There was a lot to add. It is so easy with this technique.
And I fixed it. Now it appeals to me. I made it to appeal to me.

When I think what is new about my late paintings, it is that they are more subtle. There is a sense of joy that bubbles up in them. This sense of joy was in my paintings before too. But the feeling was that it had to struggle more in order to express itself. It was beautiful that it did, and there was a sense of drama in every one of those joy expressions.

Now it feels that the joy is comfortable and playful. It does not struggle in order to be.
The dark past is still in the painting. It looks darker than in previous paintings, but it also looks old, weak, dilapidated.

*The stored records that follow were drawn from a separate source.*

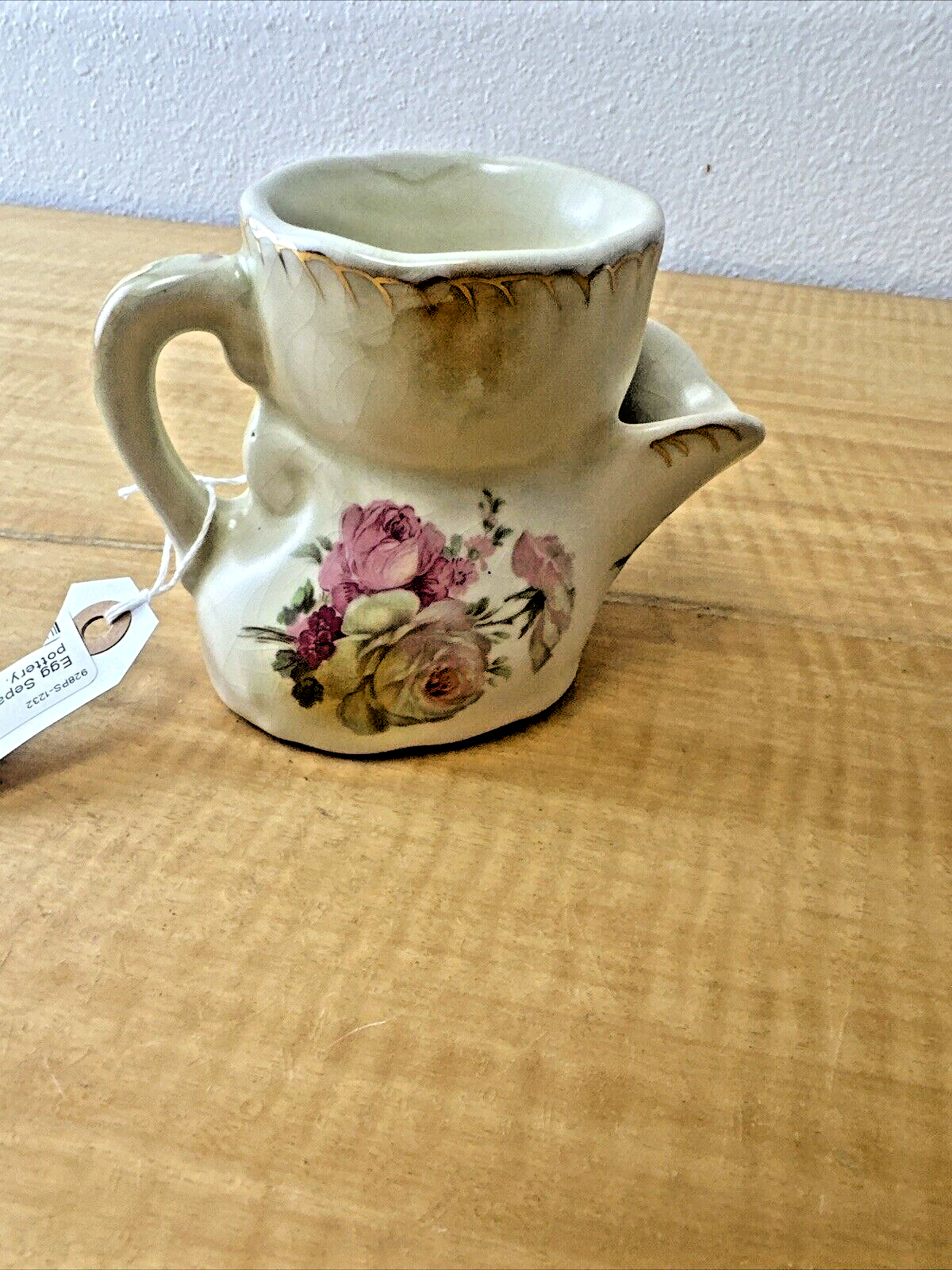 STAFFORDSHIRE POTTERY ENGLAND TEA STRAINER PINK ROSES POT/PITCHER, VINTAGE- RARE
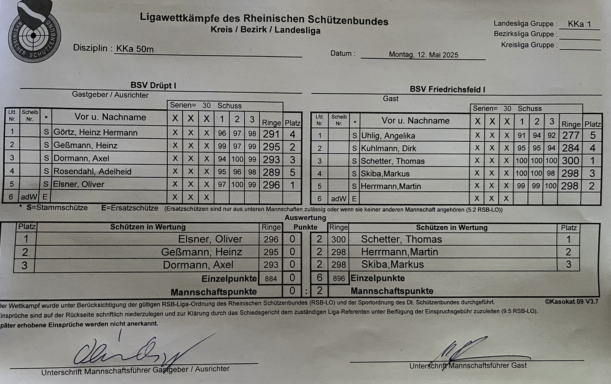 Am 12.05.2025 startete die Mannschaft Drüpt I KK in die neue Landesligasaison 2025. Unsere Mannschaft bestehend aus Adelheid Rosendahl, Oliver Elsner, Axel Dormann, Heinz Geßmann und Heinz-Hermann Görtz verlor den Wettkampf gegen den BSV Friederichsfeld. Viel Erfolg für die nächsten Wettkämpfe!
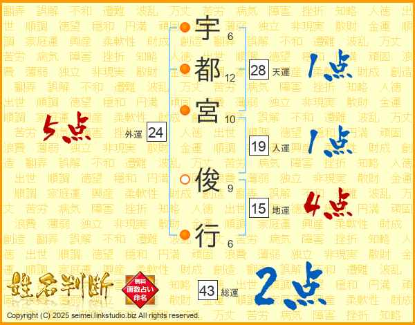 宇都宮俊行さんの人運は19画の1点!
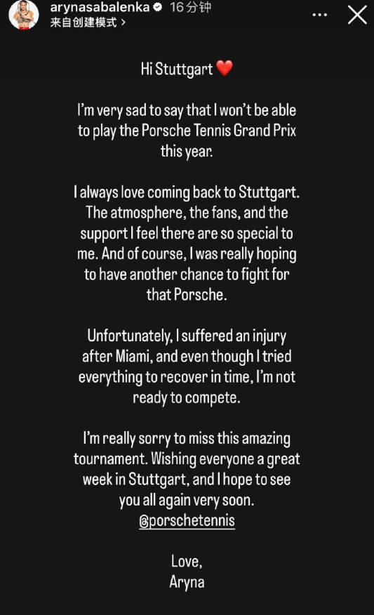 萨巴:“你好,斯图加特:非常遗憾地告诉大家,我将无法参加今年的保时捷网球大奖赛。
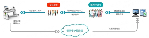 健康守护星的体验流程为:员工自助扫描二维码,根据手机端微信小程序和平板电脑的指引开始体检;体检结束后,云端对用户的健康数据进行处理,从而对异常数据提出预警;医和你通过接口调取用户的健康数据进行分析评估和干预服务,根据给企业提供的服务方案提供服务。
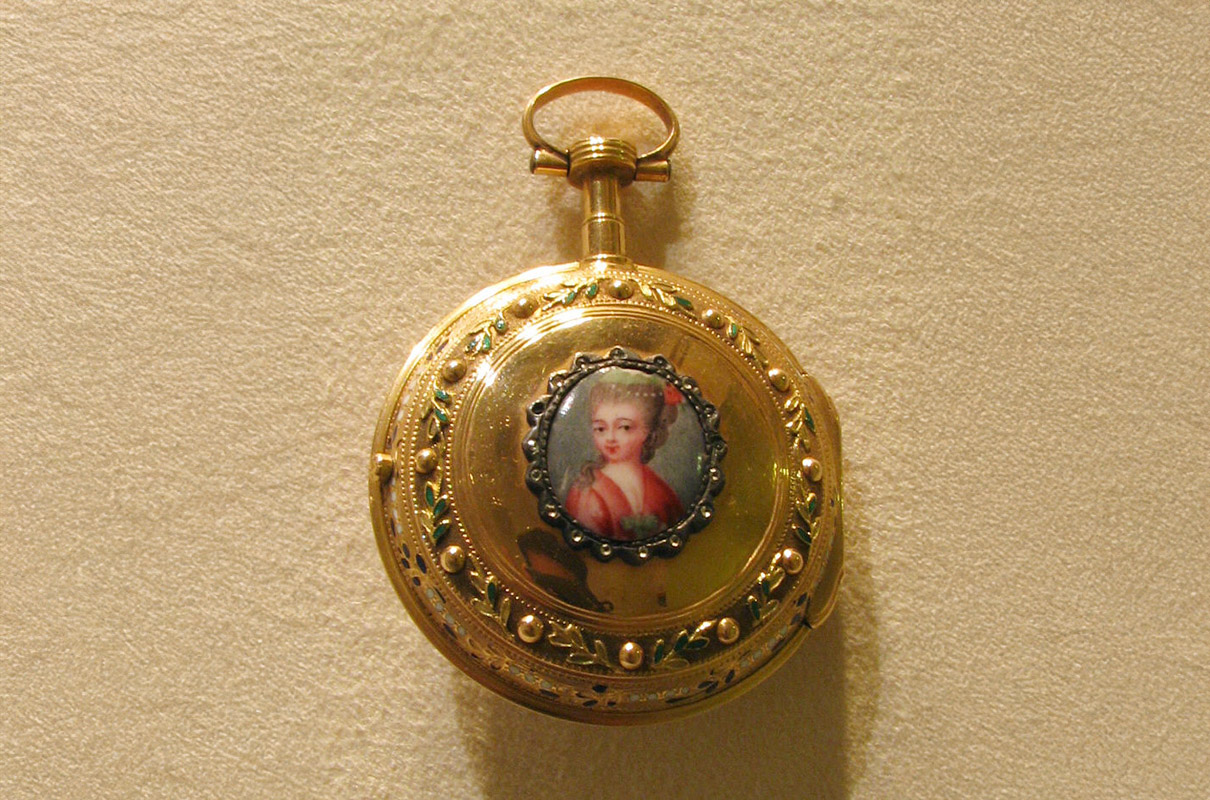 Dopo il 1750, nella produzione francese e in quella ginevrina diventa comune l’uso di inserire una placchetta, solitamente di forma rotonda od ovale, contenente un minuscolo ritratto o altro soggetto, dipinto a smalto, nella parte centrale del fondello. La rimanente parte a vista di quest’ultimo era solitamente lavorata a bulino con decorazioni nello stile in voga, oppure decorata a bassorilievo.
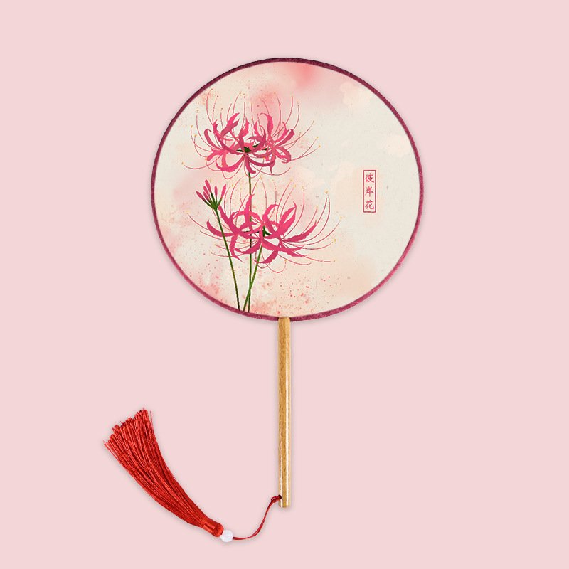 Quạt tròn cổ trang mẫu cầm tay cán dài M65 in hình hoa bỉ ngạn
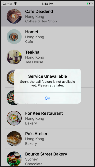 let alertMessage = UIAlertController(title: "Service Unavailable", message: "Sorry, the call feature is not available yet. Please retry later.", preferredStyle: .alert)
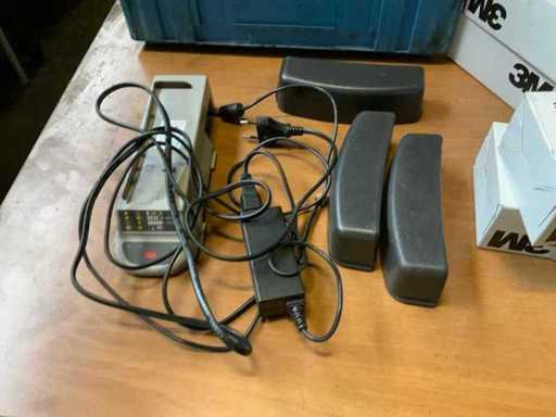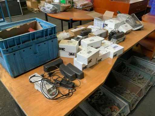 Avec diverses batteries, chargeurs, filtres et autres accessoires

I remember the technique that I developed in healing from far, when I practiced with the group Consciousness Research Institute. I would create a huge dome around myself, full of good energy. Then I’d bring the person to be healed into the dome, to be there with me.
And I would feel the discomfort of having with me in the space of the dome someone whose energy did not match with mine. (Just as the pain in this moment is such energy that does not match mine). And I would let this strange energy be a part of me without resistance. Just like having something in your pocket that you don’t necessarily feel comfortable with, but it is there. So you just get familiar with the feeling of it being there, and you go on with the business of life. Going on being, that now includes this uncomfortable feeling. You let it be until it is a part of you that does not stand out any more. It is not uncomfortable any more, but itself as it is.

Strange how difficult it is to explain this and how natural, spontaneous and simple it was to do it.

So now it starts to feel to me that I am, at last, at this very stage with my past.
I love the little boy who I was, who struggled so hard, with so much pain and fear, and I can’t but admire how courageous he was, how good hearted.
I love him dearly.
And at the same time I get less and less impressed by the traumatic influence of that time. The trauma can be seen in the art. But the joy grows as an expression of freedom. Like a beautiful bird that was caged in darkness and, as it comes out of it, grows and becomes the whole scene.

There are delicate structures that may represent the way I explained things to myself, and they are very fragile. They can fall apart easily or change into something else. And in a way they are irrelevant to the joy.
Joy is the original state. Thinking is a game, happening inside of joy and sometimes becoming too heavy and obscures the joy that it has come from.

So it is a good thing that the thinking, as it appears in the art, has become lighter and less obscuring.

Look at the dark blue and violet shapes at the bottom right. Don’t they look like old remnants of a war that has ended? Do you feel the relief of being joy that is free from those remnants, a joy that does not struggle to be?

I’d say it is still quite moderate. It is just taking stock of the fact it is here. The child has stopped crying and now is becoming interested in everything.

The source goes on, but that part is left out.